Родовой кинжал - Руда Александра. Страница 22
Я представила, как Волк будет учить Персиваля стирать, как от ужаса переворачиваются в склепах поколения его благородных предков, — и содрогнулась. Спина, привыкшая к чужим поклонам, склоняется над погнутым общественным тазом; пальцы, умеющие каллиграфически выводить буквы на нескольких языках, берут кусок вонючего хозяйственного мыла; руки, одинаково хорошо владеющие как столовыми приборами, так и разными видами оружия, выкручивают рубашку… Брр…

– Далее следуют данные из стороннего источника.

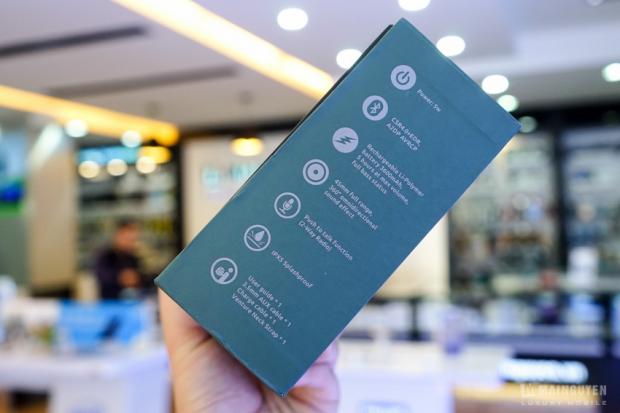 Bên cạnh trái sẽ nơi chứa những thông tin chi tiết như chuẩn Bluetooth CSR 4.0 + EDR, pin 5 giờ chơi nhạc, đàm thoại, âm thanh vòm 360 độ, ...

— Ты что это фыркаешь? — спросила Тиса. Ее руки с необыкновенной сноровкой, больше соответствующей прачке, чем воину, мелькали среди мыльных пузырей и мокрого белья.
— Представила, как капитан учит гнома стирать, — честно ответила я.
— Как ты смеешь! — побагровела девушка. — Капитан никогда не опустится до стирки! Для этого у него есть я! А Персику он просто прикажет, и пусть уже тот крутится как хочет.
Теперь мне стало понятно, почему у Тисы такая груда вещей — ведь за дни нашего пути она ни разу не сменила рубашки, зато капитан менял сорочки даже после пробежки.
— Ты хорошо стираешь.
— Конечно. — Воительница вздохнула. — У меня мать прачка. И была среди тех, кого допускали стирать самим благородным. Ты хоть представляешь, сколько труда нужно вложить, чтобы тончайшая батистовая рубашка хозяйки была белоснежной, и не испортить ее при этом? До того как я ушла в телохранители, я помогала матери. Ненавижу стирку! Единственный человек, которому я буду всегда стирать, — это капитан.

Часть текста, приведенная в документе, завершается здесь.